Look through the material below. Return exactly the lines from the one with "Свердловский Минздрав выпустил" through the one with "シンプルなデザインだから肌着", both included.
START Records provided
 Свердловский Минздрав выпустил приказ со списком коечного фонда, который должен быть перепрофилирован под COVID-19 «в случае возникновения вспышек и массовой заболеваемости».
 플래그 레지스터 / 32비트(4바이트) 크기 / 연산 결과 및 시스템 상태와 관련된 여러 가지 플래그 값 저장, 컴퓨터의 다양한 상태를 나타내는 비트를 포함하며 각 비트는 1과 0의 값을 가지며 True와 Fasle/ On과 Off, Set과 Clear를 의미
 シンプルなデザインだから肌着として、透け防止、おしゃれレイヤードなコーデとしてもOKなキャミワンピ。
END Records provided
START Records provided
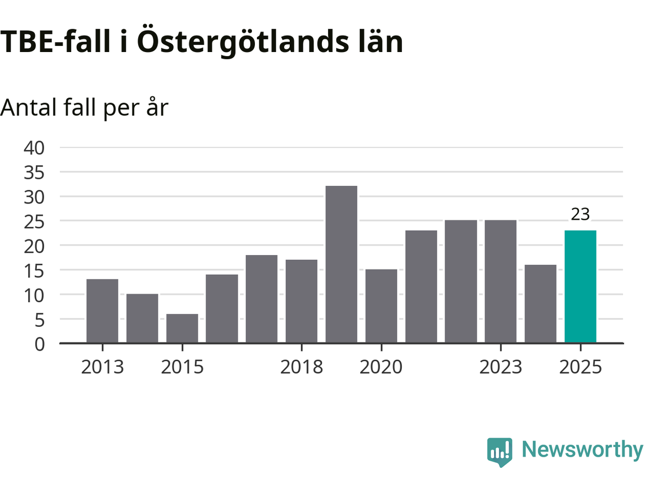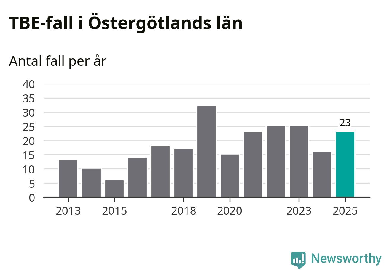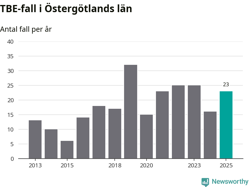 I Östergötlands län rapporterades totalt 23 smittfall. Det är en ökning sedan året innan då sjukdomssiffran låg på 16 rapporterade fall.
END Records provided
START Records provided
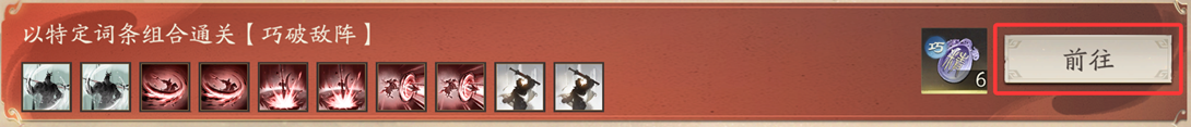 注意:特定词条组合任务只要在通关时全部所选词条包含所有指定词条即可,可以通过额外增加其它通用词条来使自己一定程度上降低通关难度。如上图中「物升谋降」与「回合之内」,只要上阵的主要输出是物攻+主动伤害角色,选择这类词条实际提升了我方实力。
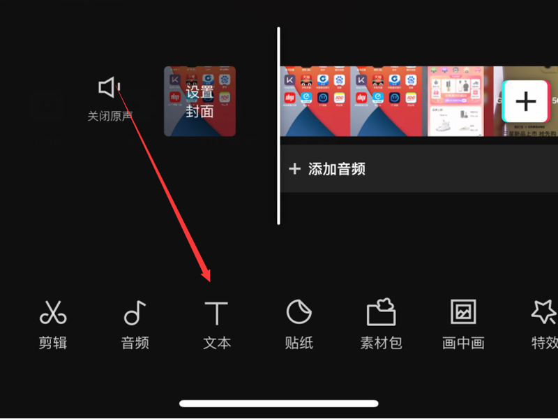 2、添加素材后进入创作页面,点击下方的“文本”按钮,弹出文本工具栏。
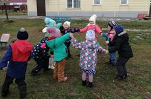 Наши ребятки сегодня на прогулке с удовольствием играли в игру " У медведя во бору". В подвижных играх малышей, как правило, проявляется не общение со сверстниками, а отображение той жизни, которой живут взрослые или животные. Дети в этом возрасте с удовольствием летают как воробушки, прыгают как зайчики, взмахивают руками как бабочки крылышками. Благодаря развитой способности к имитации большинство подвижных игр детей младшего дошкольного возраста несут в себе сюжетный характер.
END Records provided
→ **Answer for the task**:
 Свердловский Минздрав выпустил приказ со списком коечного фонда, который должен быть перепрофилирован под COVID-19 «в случае возникновения вспышек и массовой заболеваемости».
 플래그 레지스터 / 32비트(4바이트) 크기 / 연산 결과 및 시스템 상태와 관련된 여러 가지 플래그 값 저장, 컴퓨터의 다양한 상태를 나타내는 비트를 포함하며 각 비트는 1과 0의 값을 가지며 True와 Fasle/ On과 Off, Set과 Clear를 의미
 シンプルなデザインだから肌着として、透け防止、おしゃれレイヤードなコーデとしてもOKなキャミワンピ。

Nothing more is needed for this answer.